Die Aktion Friedenslicht wurde 1986 vom Österreichischen Rundfunk (ORF) ins Leben gerufen. Jedes Jahr entzündet ein Kind das Friedenslicht an der Flamme der Geburtsgrotte Christi in Betlehem. Seit 23 Jahren verteilen die vier Ringverbände (BdP, DPSG, PSG und VCP) gemeinsam mit dem Verband Deutscher Altpfadfindergilden (VDAPG) das Friedenslicht in Deutschland ab dem 3. Advent (11. Dezember 2016). Im Rahmen einer Lichtstafette wird das Licht in Deutschland an über 500 Orten an „alle Menschen guten Willens“ weitergegeben.

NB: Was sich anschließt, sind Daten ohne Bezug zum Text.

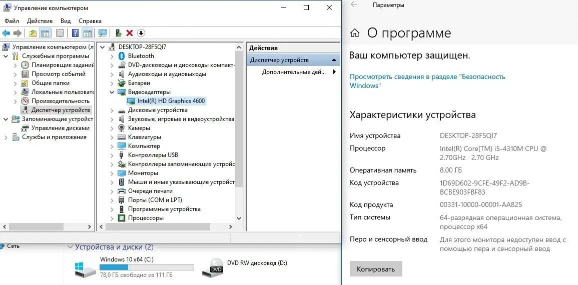 - Процесор: Intel Core i5-4310M (2 (4) ядра по 2.7 - 3.4 GHz), 3 MB Smart Cache

Die Friedenslichtaktion 2016 steht in Deutschland unter dem Motto: „Frieden: Gefällt mir – ein Netz verbindet alle Menschen guten Willens“.

Wir Pfadfinderinnen und Pfadfinder wollen den Auftrag von Lord Robert Baden-Powell folgen und uns für eine bessere Welt einsetzen. Wir versuchen mit kleinen Schritten Frieden und Verständigung zu fördern. Das Friedenslicht aus der Geburtsgrotte Jesu Christi in Betlehem steht dabei für unsere Hoffnung auf Frieden, welche alle Menschen – unabhängig von Religion und Nationalität – verbindet. Mit der Weitergabe des Friedenslichtes aus Betlehem in Deutschland wollen wir damit ein Zeichen für Frieden und Völkerverständigung setzen.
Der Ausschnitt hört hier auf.